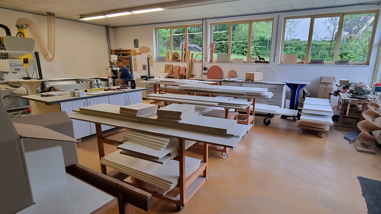 Los Schwieck, que cuentan con dos oficiales y dos aprendices, fabrican principalmente mobiliario y equipamientos de oficina para otras empresas y para clientes particulares. Aunque también reciben trabajos específicos en función del cliente, Jörg Schwieck ve el futuro de la empresa en la construcción de muebles, ya que, según explica, este ha sido el ámbito que más crecimiento ha experimentado desde que empezaron a utilizar la nueva sierra seccionadora de tableros de HOMAG. "La SAWTEQ B-130 (actualmente S-100) es una turbosierra".
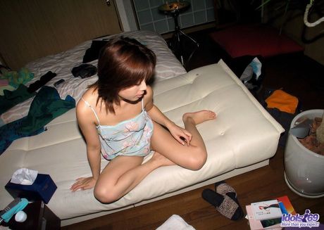 Idols 69: Superb Asian babe Tomomi toying her pussy with a dildo in a public place
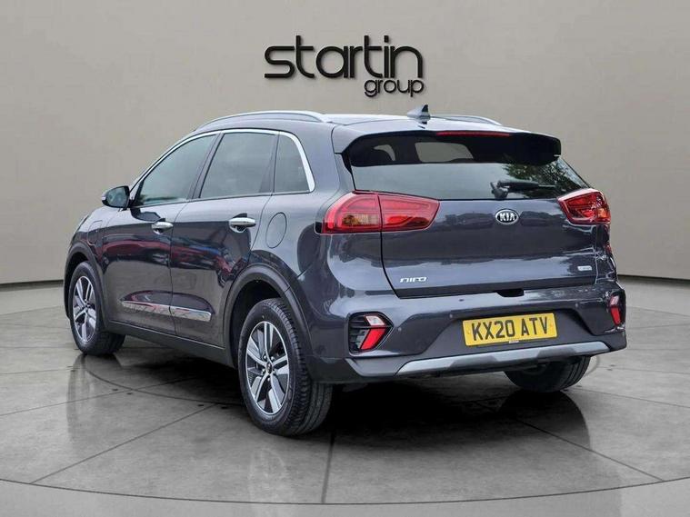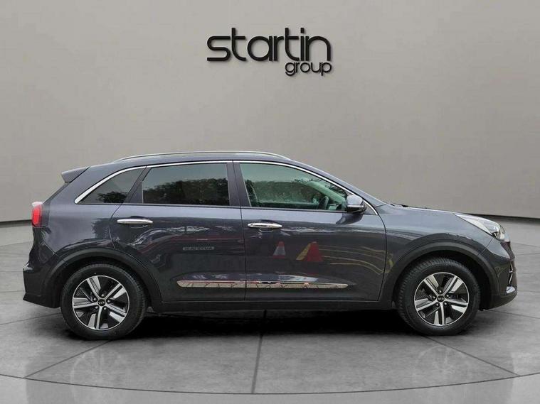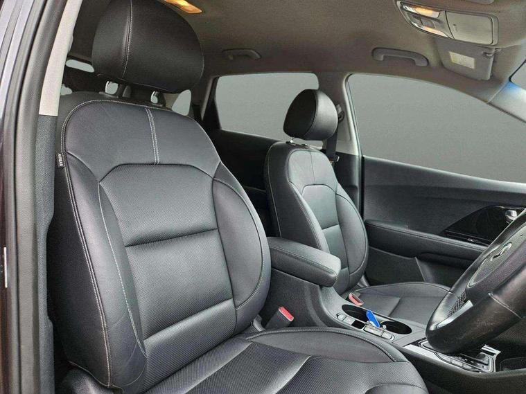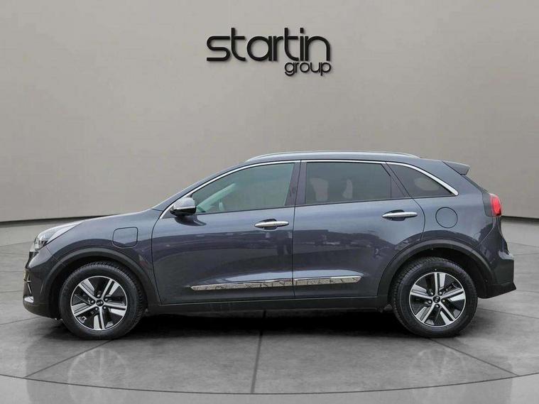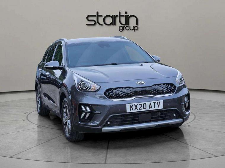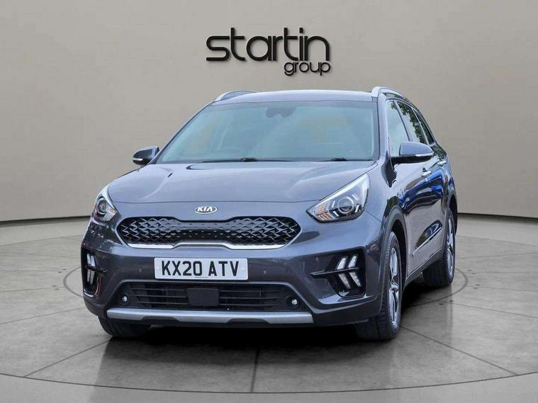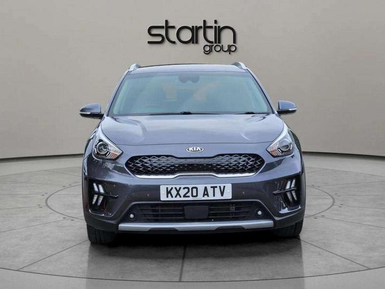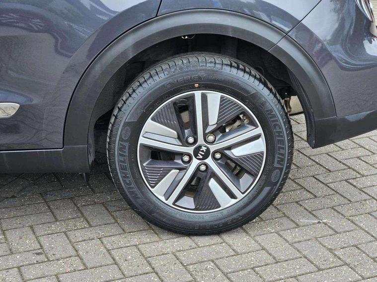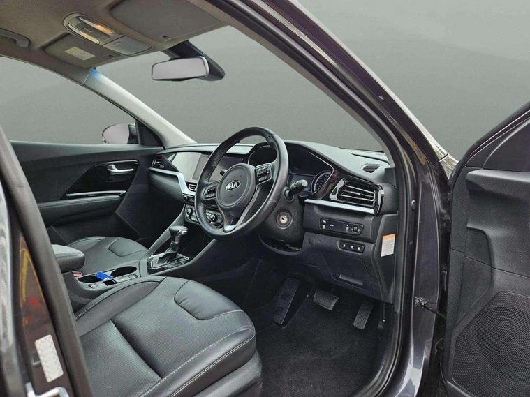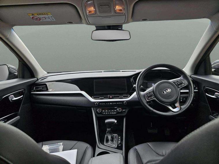 10.25" Touch screen satellite navigation with european mapping and traffic messaging channel, Adaptive smart cruise control function (SCC) with stop and go, Apple car play/Android Auto with voice control, Digital clock, Drive mode selector, Driver attention warning, Emergency stop signalling system, Forward collision avoidance assist, Front parking sensors, Kia connected services featuring TomTom live, Lane Following Assist (LFA), Lane keep assist, Motor driven power steering, Rear parking sensors, Reversing camera, Speed limiter, Telematics system with UVO connect services, Trip computer with distance/fuel consumption/average speed, Wireless Smartphone charger, 'Shark fin' mobile antenna, 4.2" supervision cluster with TFT colour display, 6 speakers, Bluetooth with music streaming, DAB Radio with MP3, Steering wheel mounted controls, USB connection located in centre console, USB port, All round electric windows with drivers and front passenger auto up/down function, Auto dimming rear view mirror, Automatic defog system, Automatic headlight control system, Black side sills, Body colour bumpers, Body coloured/high gloss door mirrors, Chrome beltline mouldings, Chrome door handles, Driver's side wide angle mirror, Electrically folding/adjustable/heated door mirrors with LED indicators, LED daytime running lights, LED fog lights, LED rear combination lights, Manual headlight levelling, Matt black radiator grille, Privacy glass - Rear windows and tailgate, Projector headlamps, Rain sensing front wipers, Rear spoiler, Rear wiper, Roof rails, Solar glass, Welcome and follow-me home light functionality, Wheel arch mouldings, 3 x passenger assist grips, 60/40 split/folding 2nd row of seats, 8 way electric adjustable drivers seat, All-round height adjustable headrests, Aluminium door scuff plates, Centre console storage box, Centre rool lamp, Door armrest in leather, Driver's electric lumbar adjustment, Driver/passenger sunvisors with illuminated vanity mirrors, Dual zone automatic air conditioning, Front and rear door storage, Front seatback pockets, Front/rear centre armrests, Headlining in Light grey, Heated front seats, Heated steering wheel, High gloss black lower console trim, High gloss black steering wheel trim, Illuminated ignition key hole, Interior door lock/unlock function, ISOFIX Child seat top tethers and anchor fixings, Leather trimmed gearshift, Leather trimmed steering wheel, Leather upholstery, Luggage area lamp, Luggage compartment cover, Luggage net with hooks, Overhead console lamp with sunglasses case, Passenger seat height adjuster, Rear armrests with cupholder, Satin finish inner door handles, Steering wheel mounted paddle shift, Tilt/telescopic adjustable steering wheel, Under floor storage box, Ventiliation ducts to rear compartment, Towing pack - Niro, 3 point seatbelts on all seats, ABS, Automatic unlocking of doors in case of impact, Drivers knee airbag, Electric parking brake with auto hold function, Electronic stability control, Front passenger airbag cut-off switch, Height adjustable front seatbelts, Hill start assist control (HAC), Traction control, Twin curtain airbags with roll over sensor, Twin front and side airbags, Tyre pressure monitoring system, Alarm system and engine immobiliser, Deadlocks, Locking wheel nuts, Remote central door locking with fold away key, Speed sensitive auto door locking, Visible vehicle identification number, High gloss black centre fascia, High gloss black door inserts, 16" alloy wheels, Tyre mobility kit,
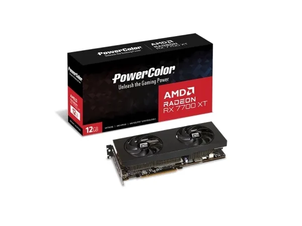 The PowerColor Radeon RX 7700 XT graphics card is designed to elevate gaming experiences with its AMD Radeon RX 7700 XT GPU. Featuring 12 GB of GDDR6 SDRAM and a bus width of 192-bit, this card provides stunning graphics and smooth performance across demanding titles. With a maximum resolution of 7680 x 4320, it supports up to four monitors, making it an option for immersive gaming setups and productivity tasks. Emphasizing efficiency, the card incorporates advanced cooling technologies such as Intelligent Fan Control and a dual fan design for optimized thermal management.
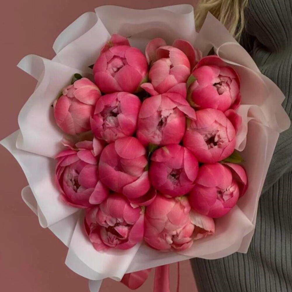 Монобукет из 13 пионов «Coral Charm»
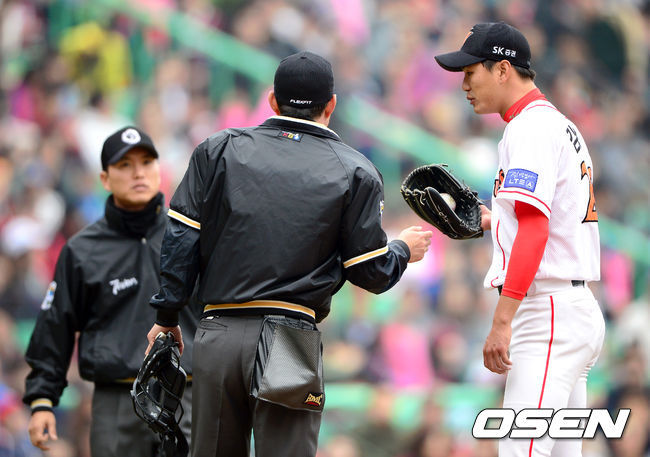 그런데 이택근 타석에서 1구를 던진 김광현이 나광남 주심에게 뭔가를 어필하기 시작했다. 3루쪽 움직임과 연관이 있어 보였다. 김광현은 나 주심에 이어 권영철 3루심에게도 뭔가의 상황을 설명했다.
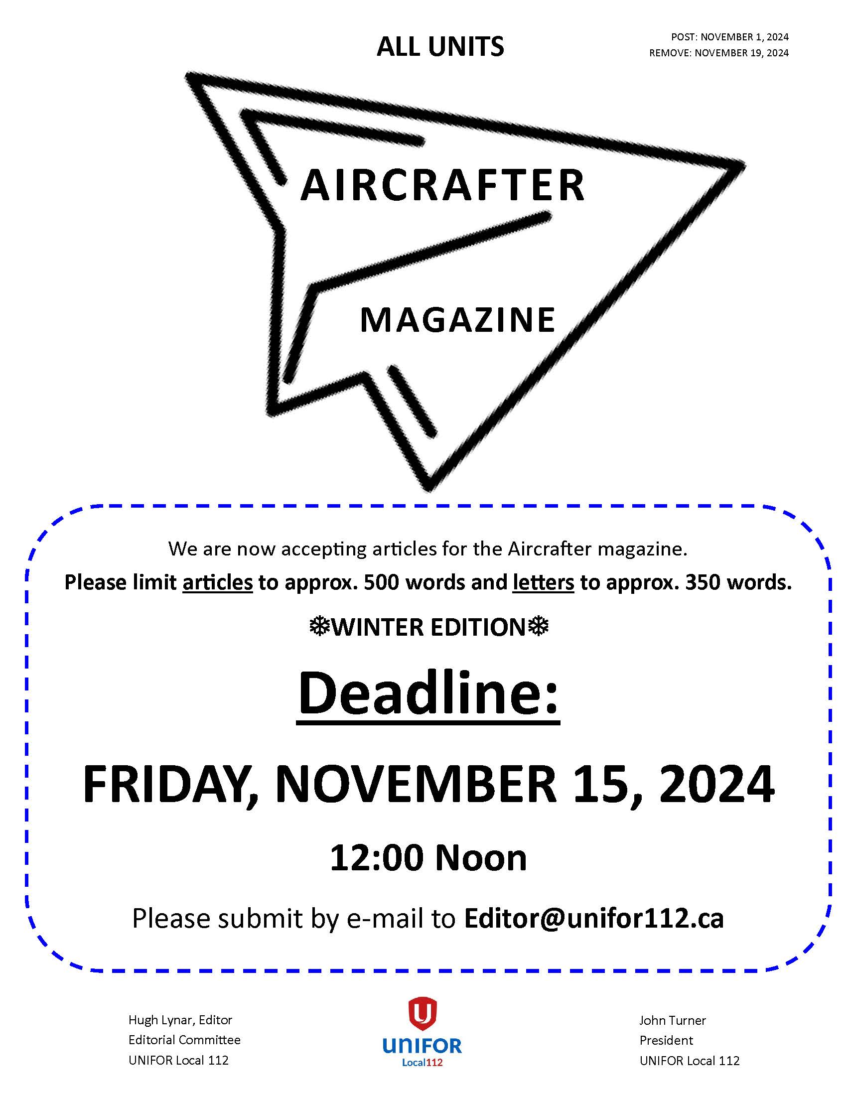 Email: Editor@unifor112.ca

###

* Instructions to follow
Word for word, restate every line of the listing, omitting the pictures.

* Answer area
 Los Schwieck, que cuentan con dos oficiales y dos aprendices, fabrican principalmente mobiliario y equipamientos de oficina para otras empresas y para clientes particulares. Aunque también reciben trabajos específicos en función del cliente, Jörg Schwieck ve el futuro de la empresa en la construcción de muebles, ya que, según explica, este ha sido el ámbito que más crecimiento ha experimentado desde que empezaron a utilizar la nueva sierra seccionadora de tableros de HOMAG. "La SAWTEQ B-130 (actualmente S-100) es una turbosierra".
 Idols 69: Superb Asian babe Tomomi toying her pussy with a dildo in a public place
 10.25" Touch screen satellite navigation with european mapping and traffic messaging channel, Adaptive smart cruise control function (SCC) with stop and go, Apple car play/Android Auto with voice control, Digital clock, Drive mode selector, Driver attention warning, Emergency stop signalling system, Forward collision avoidance assist, Front parking sensors, Kia connected services featuring TomTom live, Lane Following Assist (LFA), Lane keep assist, Motor driven power steering, Rear parking sensors, Reversing camera, Speed limiter, Telematics system with UVO connect services, Trip computer with distance/fuel consumption/average speed, Wireless Smartphone charger, 'Shark fin' mobile antenna, 4.2" supervision cluster with TFT colour display, 6 speakers, Bluetooth with music streaming, DAB Radio with MP3, Steering wheel mounted controls, USB connection located in centre console, USB port, All round electric windows with drivers and front passenger auto up/down function, Auto dimming rear view mirror, Automatic defog system, Automatic headlight control system, Black side sills, Body colour bumpers, Body coloured/high gloss door mirrors, Chrome beltline mouldings, Chrome door handles, Driver's side wide angle mirror, Electrically folding/adjustable/heated door mirrors with LED indicators, LED daytime running lights, LED fog lights, LED rear combination lights, Manual headlight levelling, Matt black radiator grille, Privacy glass - Rear windows and tailgate, Projector headlamps, Rain sensing front wipers, Rear spoiler, Rear wiper, Roof rails, Solar glass, Welcome and follow-me home light functionality, Wheel arch mouldings, 3 x passenger assist grips, 60/40 split/folding 2nd row of seats, 8 way electric adjustable drivers seat, All-round height adjustable headrests, Aluminium door scuff plates, Centre console storage box, Centre rool lamp, Door armrest in leather, Driver's electric lumbar adjustment, Driver/passenger sunvisors with illuminated vanity mirrors, Dual zone automatic air conditioning, Front and rear door storage, Front seatback pockets, Front/rear centre armrests, Headlining in Light grey, Heated front seats, Heated steering wheel, High gloss black lower console trim, High gloss black steering wheel trim, Illuminated ignition key hole, Interior door lock/unlock function, ISOFIX Child seat top tethers and anchor fixings, Leather trimmed gearshift, Leather trimmed steering wheel, Leather upholstery, Luggage area lamp, Luggage compartment cover, Luggage net with hooks, Overhead console lamp with sunglasses case, Passenger seat height adjuster, Rear armrests with cupholder, Satin finish inner door handles, Steering wheel mounted paddle shift, Tilt/telescopic adjustable steering wheel, Under floor storage box, Ventiliation ducts to rear compartment, Towing pack - Niro, 3 point seatbelts on all seats, ABS, Automatic unlocking of doors in case of impact, Drivers knee airbag, Electric parking brake with auto hold function, Electronic stability control, Front passenger airbag cut-off switch, Height adjustable front seatbelts, Hill start assist control (HAC), Traction control, Twin curtain airbags with roll over sensor, Twin front and side airbags, Tyre pressure monitoring system, Alarm system and engine immobiliser, Deadlocks, Locking wheel nuts, Remote central door locking with fold away key, Speed sensitive auto door locking, Visible vehicle identification number, High gloss black centre fascia, High gloss black door inserts, 16" alloy wheels, Tyre mobility kit,
 The PowerColor Radeon RX 7700 XT graphics card is designed to elevate gaming experiences with its AMD Radeon RX 7700 XT GPU. Featuring 12 GB of GDDR6 SDRAM and a bus width of 192-bit, this card provides stunning graphics and smooth performance across demanding titles. With a maximum resolution of 7680 x 4320, it supports up to four monitors, making it an option for immersive gaming setups and productivity tasks. Emphasizing efficiency, the card incorporates advanced cooling technologies such as Intelligent Fan Control and a dual fan design for optimized thermal management.
 Монобукет из 13 пионов «Coral Charm»
 그런데 이택근 타석에서 1구를 던진 김광현이 나광남 주심에게 뭔가를 어필하기 시작했다. 3루쪽 움직임과 연관이 있어 보였다. 김광현은 나 주심에 이어 권영철 3루심에게도 뭔가의 상황을 설명했다.
 Email: Editor@unifor112.ca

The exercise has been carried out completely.